Il ne s'agit pas d'instituer un système chaotique d'élections permanentes. Ainsi, le droit de révocation pourrait ne s'exercer qu'une seule fois au cours d'un mandat et le seuil requis pour l'organisation de la nouvelle consultation pourrait être suffisamment élevé pour empêcher qu'elle ne soit déclenchée par la seule opposition ou par un noyau d'irréductibles. Si l'on fixait ce seuil à 10 % du corps électoral, par exemple, il ne pourrait être atteint qu'à la suite d'une mobilisation certaine, provoquée par un trouble réel des électeurs. Je vous rappelle que beaucoup d'entre nous n'ont été élus que par 15 % à 20 % des électeurs inscrits...

Enfin, nous proposons que le droit de révoquer les élus soit applicable à tous les mandats, en particulier au mandat présidentiel. De fait, sous la Ve République, le Président de la République n'est pas responsable durant son mandat : il n'a de comptes à rendre à personne – c'est d'ailleurs la raison pour laquelle il ne peut venir devant l'Assemblée nationale. Or il me semble que si le corps électoral savait qu'il peut, le cas échéant, convoquer une nouvelle élection, cela apaiserait la situation. C'est en effet la confirmation d'un lien direct fort entre représentés et représentants qui apaisera notre vie démocratique et créera les conditions d'une plus forte participation aux scrutins. Sans quoi, nous risquons de laisser s'installer un système de basse intensité démocratique dans lequel les représentants seront élus par un petit nombre d'électeurs mobilisés et où se renforcera le sentiment populaire que les décisions ne sont pas prises au nom des citoyens.

Je vous invite donc à réfléchir à notre proposition.
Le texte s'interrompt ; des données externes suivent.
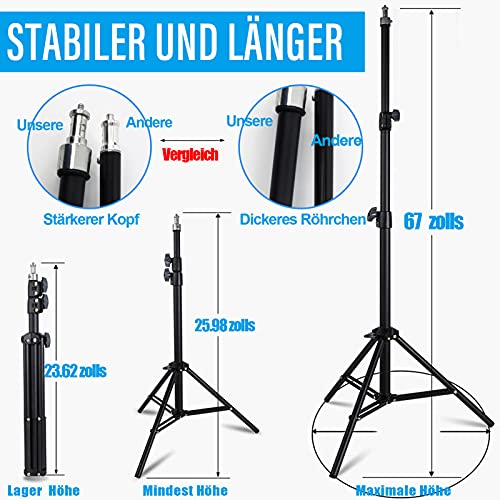 【Professionelles Fotostativ: Stabiler und längerer Stativständer】 Fotostufe matt Eisenstativ und speziell entwickelter 1/4-Schraubenbolzen machen es stabil und robust, um Ihre Last im Gleichgewicht zu halten. Erweiterbar von 21,7 „auf 67“, und die Gesamthöhe beträgt bis zu 82 „, zumal das Ringlicht hinzugefügt wurde, um Ihre unterschiedlichen Höhenanforderungen zu vollenden.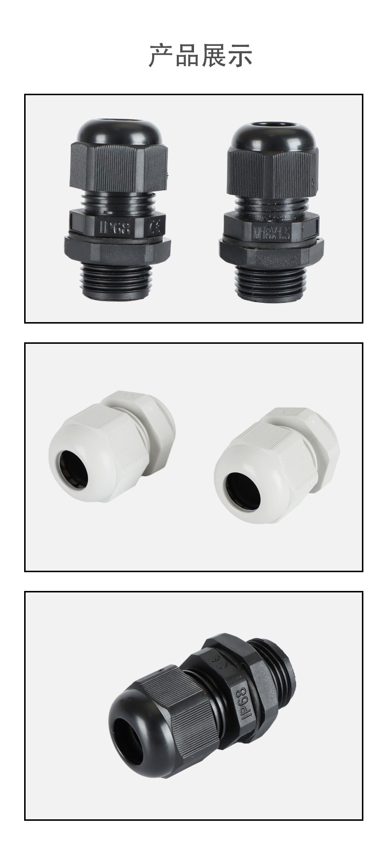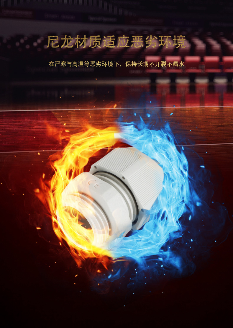 尼龍材質(zhì)適用惡劣環(huán)境紅、灰、黑、深灰、白、藍(lán) 六種顏色常規(guī):黑、灰兩種顏色,其它顏色需要定做在嚴(yán)寒與高溫等惡劣環(huán)境下,保持長(zhǎng)期不開(kāi)裂不漏水高密封性防水接頭保護(hù)電纜安全,長(zhǎng)期使用不容易滲水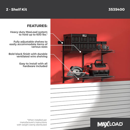 ClosetMaid MaxLoad Heavy Duty Wall Shelf Kit for Garage, 2 Shelves, Adjustable ShelfTrack Wire Shelving, Black Finish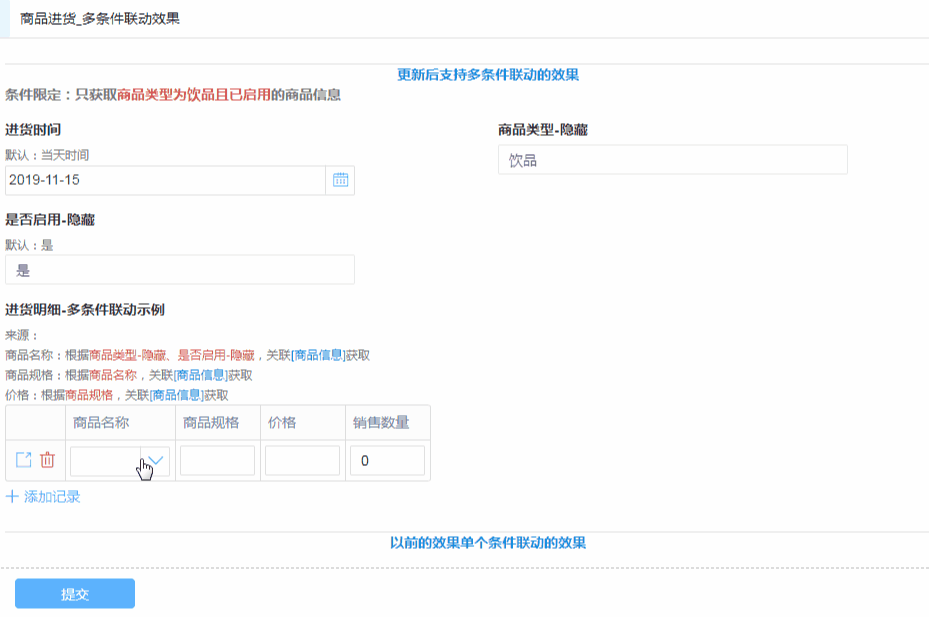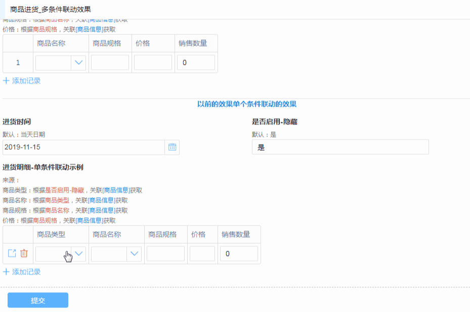 【商品进货-多条件联动效果】:进货时间、商品类型-隐藏、是否启用-隐藏、商品名称、商品规格、价格、销售数量,7个字段。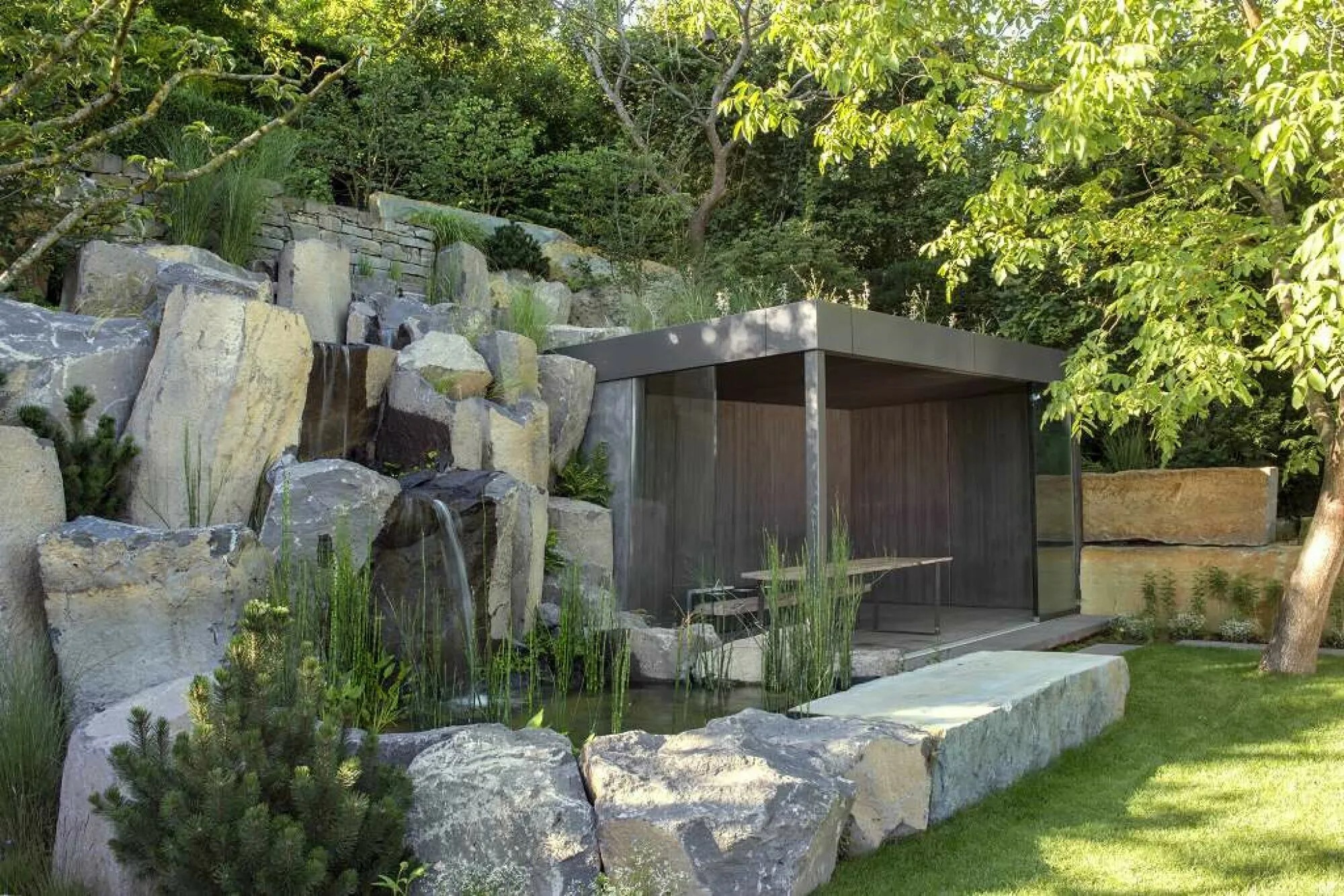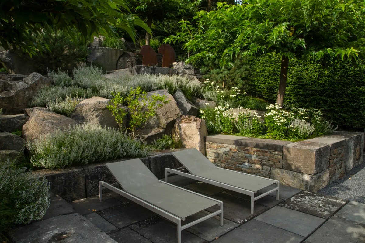В основе сада от Петера Берга лежат три элемента: природный камень, растения и вода.
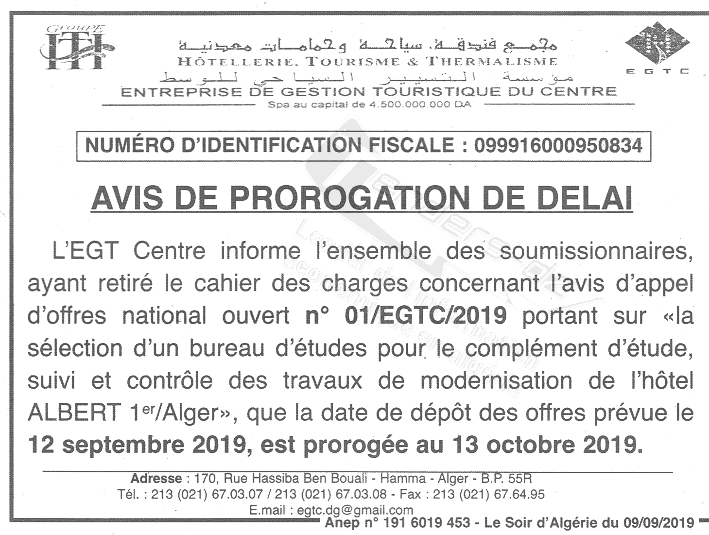 Objet : Etude, suivi et contrôle des travaux de modernisation de l'Hotel ALBERT à Alger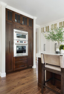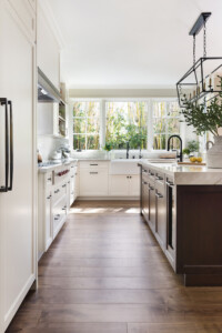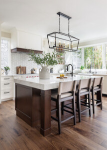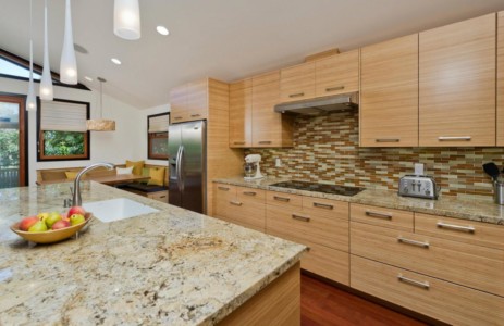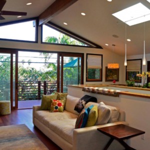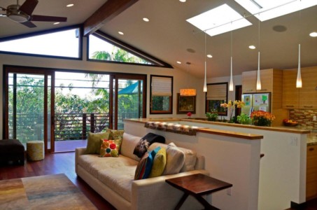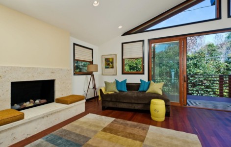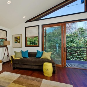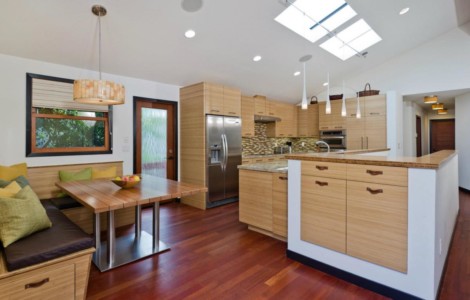 California Custom Creations did a complete interior demolition of the entire building down to the wood framing and removed the existing roof. Some existing walls were demolished as well. The lower level was extended into the existing grade under the house to construct more rooms and added square footage and value to the home. The roof was fully replaced by California Custom Creations, including four new skylights for the kitchen and master bedroom. The living room was joined with the kitchen by removing the structural wall that separated them, which provided a massive open space for the family to converge in. The feeling of openness was even more accentuated by the large east-facing windows above the four panel sliding door that leads to the cantilevered deck. In order to account for such an open space where there used to be a structure, CCC replaced the small non-structural ridge beam with a huge GLULAM beam and left it exposed and stained to display the structural feat that was accomplished. In the corner of the kitchen, a custom booth-style dinner table was designed and built using bamboo.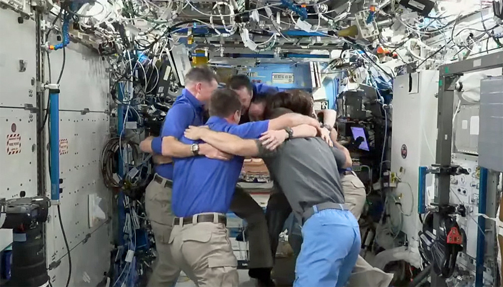 F9/Crew-2: Anton Shkaplerov (front right) is now in command aboard the International Space Station; at the end of a short change-of-commander ceremony, the 7-member crew shared a group hug amid preparations for Crew-2's undocking Sundaypic.twitter.com/PWDWm2uwAU

Comprenons-le bien, les tensions sont importantes : nous traversons une véritable crise démocratique. J'y insiste, car nul d'entre nous ne peut demeurer insensible au fait que, lors des derniers scrutins, régionaux et municipaux, les deux tiers de nos concitoyens ne sont pas venus voter – les deux tiers ! En république, le souverain, c'est le peuple. Lorsqu'il ne se présente pas aux urnes, nous ne pouvons pas nous contenter de dire que c'est sa faute, et en rester là. Nos institutions exacerbent la distance entre les représentants et les représentés ; il faut accorder à ces derniers des droits nouveaux.

Parmi les différentes mobilisations sociales qui sont intervenues au cours du quinquennat, celle des gilets jaunes a d'abord été suscitée par une colère fiscale, puis elle a exprimé des exigences sociales, mais aussi démocratiques ; je pense notamment à l'instauration du référendum d'initiative citoyenne. La recherche d'une démocratie plus active, offrant des droits nouveaux aux citoyens, me semble être au cœur des préoccupations de la majorité de nos concitoyens. Du reste, nous avons réalisé une étude d'opinion à l'occasion de cette niche parlementaire : la proposition de créer un droit de révocation recueille l'adhésion de 75 % des personnes interrogées ! L'idée circule, donc ; il s'agit de l'organiser de manière sérieuse. En république, nous devons être attachés à l'idée fondamentale que le souverain, c'est le peuple : c'est lui qui décide et, à ce titre, il doit pouvoir retirer le mandat qu'il a accordé.

Enfin, la révocation est possible dans le mouvement associatif, le mouvement sportif et même dans le monde de l'entreprise, auquel vous êtes, pour certains d'entre vous, particulièrement attachés. Il est en effet possible à celles et ceux qui ont confié des responsabilités à une personne de lui retirer son mandat à l'occasion d'un conseil d'administration ou de l'assemblée générale des membres de l'association. Pourquoi cela ne serait-il pas possible dans notre vie démocratique ?

Pour conclure, le droit de révoquer les élus nous semble renouer avec la promesse républicaine : le souverain doit pouvoir conserver ses droits à tout moment. Il faut l'entendre et lui donner la possibilité de rappeler ceux qu'il a désignés pour nommer d'autres représentants.